Pictures aside, return every line below exactly as written.

::: Exercise data

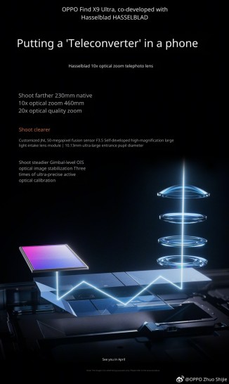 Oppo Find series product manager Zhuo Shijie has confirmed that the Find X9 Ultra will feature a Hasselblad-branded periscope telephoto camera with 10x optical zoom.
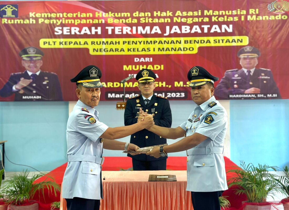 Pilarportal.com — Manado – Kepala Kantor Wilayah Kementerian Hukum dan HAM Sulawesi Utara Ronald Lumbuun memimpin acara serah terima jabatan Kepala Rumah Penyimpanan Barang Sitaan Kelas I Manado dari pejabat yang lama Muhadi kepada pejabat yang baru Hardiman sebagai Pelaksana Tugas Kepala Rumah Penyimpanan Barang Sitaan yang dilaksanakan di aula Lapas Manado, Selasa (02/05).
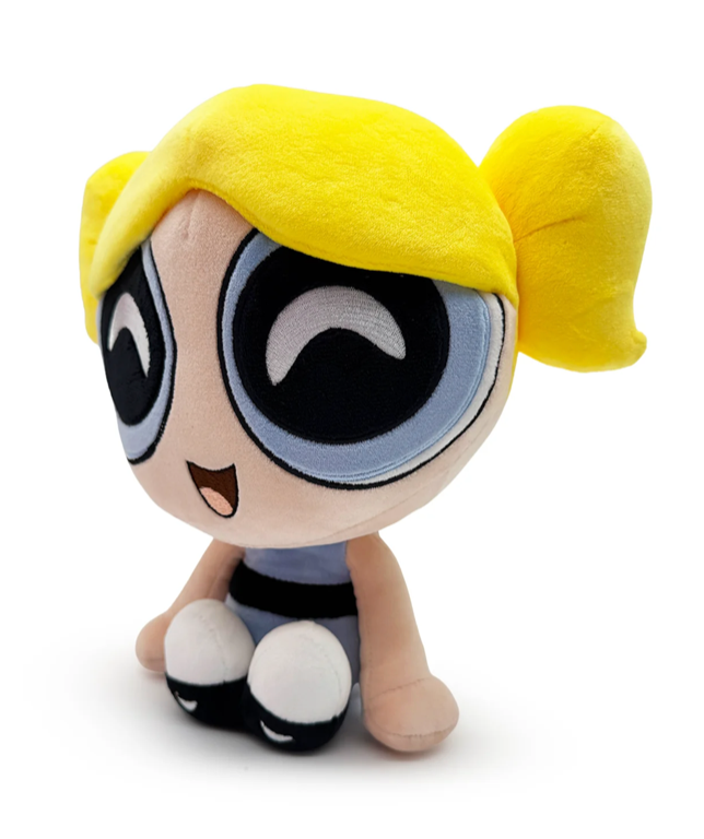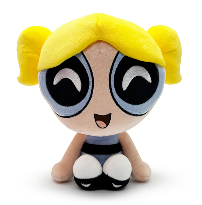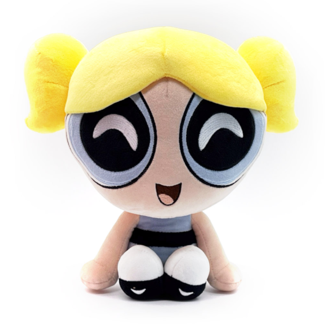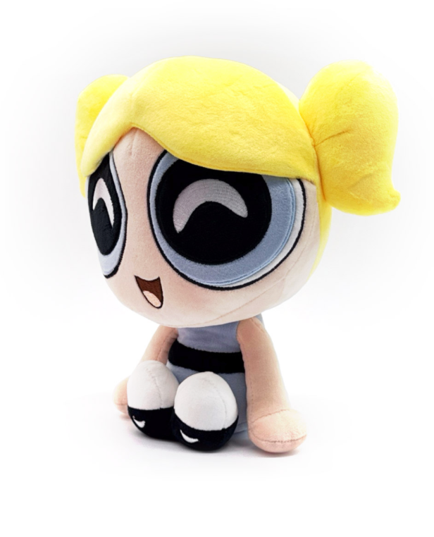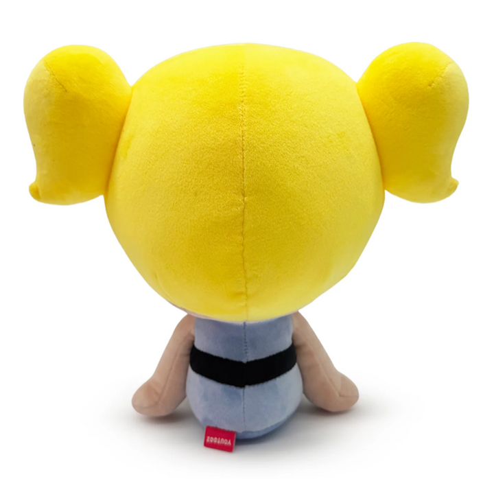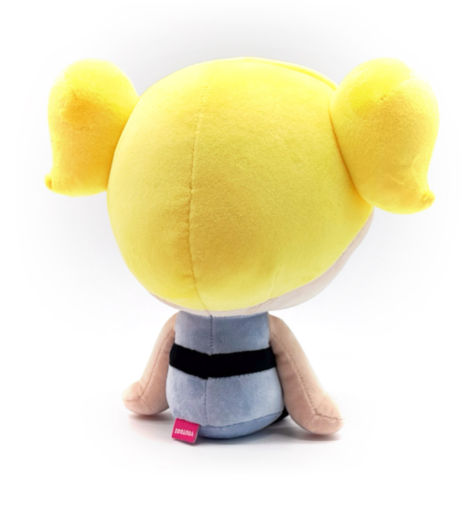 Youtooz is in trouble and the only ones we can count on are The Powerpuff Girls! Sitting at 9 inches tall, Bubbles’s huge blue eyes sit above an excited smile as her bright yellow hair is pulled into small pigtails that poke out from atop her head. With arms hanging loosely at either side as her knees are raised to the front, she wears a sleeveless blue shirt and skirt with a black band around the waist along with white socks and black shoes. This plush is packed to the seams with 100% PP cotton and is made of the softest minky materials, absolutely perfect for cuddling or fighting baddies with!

::::::

▶ [Solution below]
 Oppo Find series product manager Zhuo Shijie has confirmed that the Find X9 Ultra will feature a Hasselblad-branded periscope telephoto camera with 10x optical zoom.
 Pilarportal.com — Manado – Kepala Kantor Wilayah Kementerian Hukum dan HAM Sulawesi Utara Ronald Lumbuun memimpin acara serah terima jabatan Kepala Rumah Penyimpanan Barang Sitaan Kelas I Manado dari pejabat yang lama Muhadi kepada pejabat yang baru Hardiman sebagai Pelaksana Tugas Kepala Rumah Penyimpanan Barang Sitaan yang dilaksanakan di aula Lapas Manado, Selasa (02/05).
 Youtooz is in trouble and the only ones we can count on are The Powerpuff Girls! Sitting at 9 inches tall, Bubbles’s huge blue eyes sit above an excited smile as her bright yellow hair is pulled into small pigtails that poke out from atop her head. With arms hanging loosely at either side as her knees are raised to the front, she wears a sleeveless blue shirt and skirt with a black band around the waist along with white socks and black shoes. This plush is packed to the seams with 100% PP cotton and is made of the softest minky materials, absolutely perfect for cuddling or fighting baddies with!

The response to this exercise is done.